The interactive computer training labs on the lower level are devoted to hands-on learning. They are home to dozens of creative workshops, as well as an arts and crafts center where children bake challah or matzos, carve shofars, make menorahs and braid havdalah candles.

The heart of the museum is in the galleries which occupy the third and fourth floors. There visitors encounter an array of exhibits and displays covering Jewish history and heroes, holidays and customs, the Holocaust, and contemporary Jewish life. Some 100 lifelike dioramas add a concrete visual dimension to the exhibits in conjunction with multi-media presentations designed to capture the attention of the museum's young visitors. The top two floors of the Museum hold administrative offices, a conference room and support services.

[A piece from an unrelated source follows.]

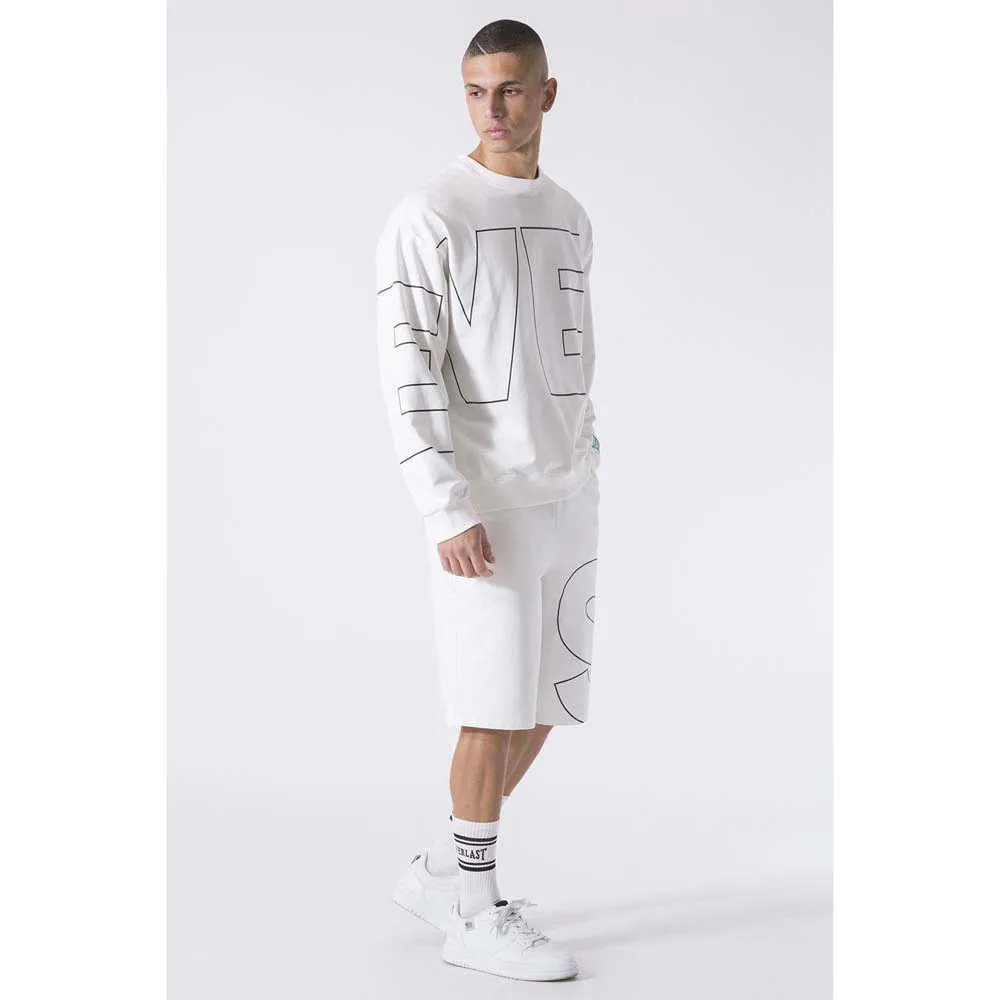 Crew-neck sweater made of comfortable ungauzed stretch fleece. Everlast macro logo graphic is printed in contrast on the sleeve and front. At the bottom of the sleeve the Everlast logo is embroidered in contrasting color going to complete the style details.

Young visitors are invited to climb on a giant challah loaf, split the “Red Sea” and “Shop” for kosher groceries in a scaled-down supermarket. Children are catapulted into the spotlight as they broadcast the story of Chanukah from a TV studio.


The Jewish mini golf course on the terrace lets golfers play through the six different stages of Jewish life starting with the first hole (birth), going through life until death and burial.

The Jewish Childrens Museum is run by Tzivos Hashem, an international children’s organization that was founded over twenty years ago at the behest of the late Lubavitcher Rebbe, Rabbi Menachem M. Schneerson.


The museum entertains visitors throughout the week except for Fridays and Saturdays for a $10 admission fee.